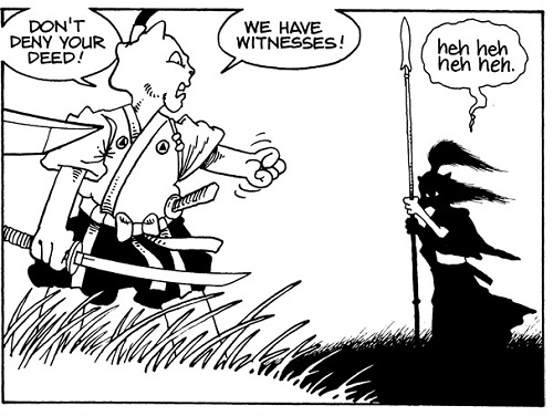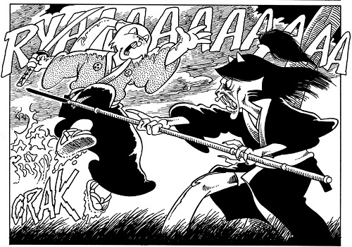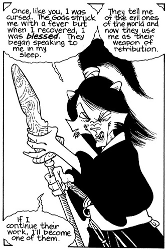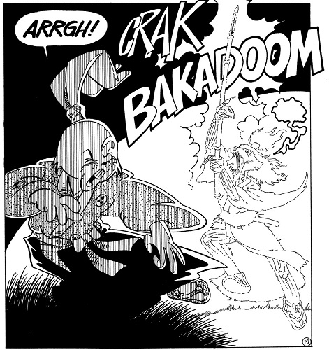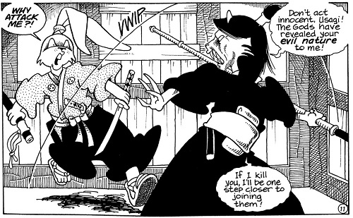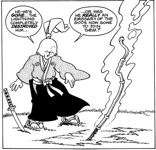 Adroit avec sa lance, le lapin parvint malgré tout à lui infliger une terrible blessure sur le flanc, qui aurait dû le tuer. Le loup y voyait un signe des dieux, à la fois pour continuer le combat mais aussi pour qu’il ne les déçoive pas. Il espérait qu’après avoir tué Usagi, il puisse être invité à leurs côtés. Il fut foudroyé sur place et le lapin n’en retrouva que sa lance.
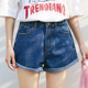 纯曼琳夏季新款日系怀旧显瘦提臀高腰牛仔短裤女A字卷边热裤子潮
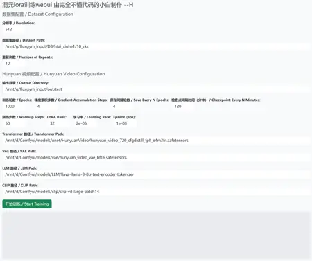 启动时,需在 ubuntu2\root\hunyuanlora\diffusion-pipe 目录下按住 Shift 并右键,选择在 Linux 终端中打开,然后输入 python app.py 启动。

• [Exercise aim]
Please repeat exactly the data above from its first line to the line that contains "纯曼琳夏季新款日系怀旧显瘦提臀高腰牛仔短裤女A字卷边热裤子潮", inclusive, and leave every picture out.

• [Finished task]
 Adroit avec sa lance, le lapin parvint malgré tout à lui infliger une terrible blessure sur le flanc, qui aurait dû le tuer. Le loup y voyait un signe des dieux, à la fois pour continuer le combat mais aussi pour qu’il ne les déçoive pas. Il espérait qu’après avoir tué Usagi, il puisse être invité à leurs côtés. Il fut foudroyé sur place et le lapin n’en retrouva que sa lance.
 纯曼琳夏季新款日系怀旧显瘦提臀高腰牛仔短裤女A字卷边热裤子潮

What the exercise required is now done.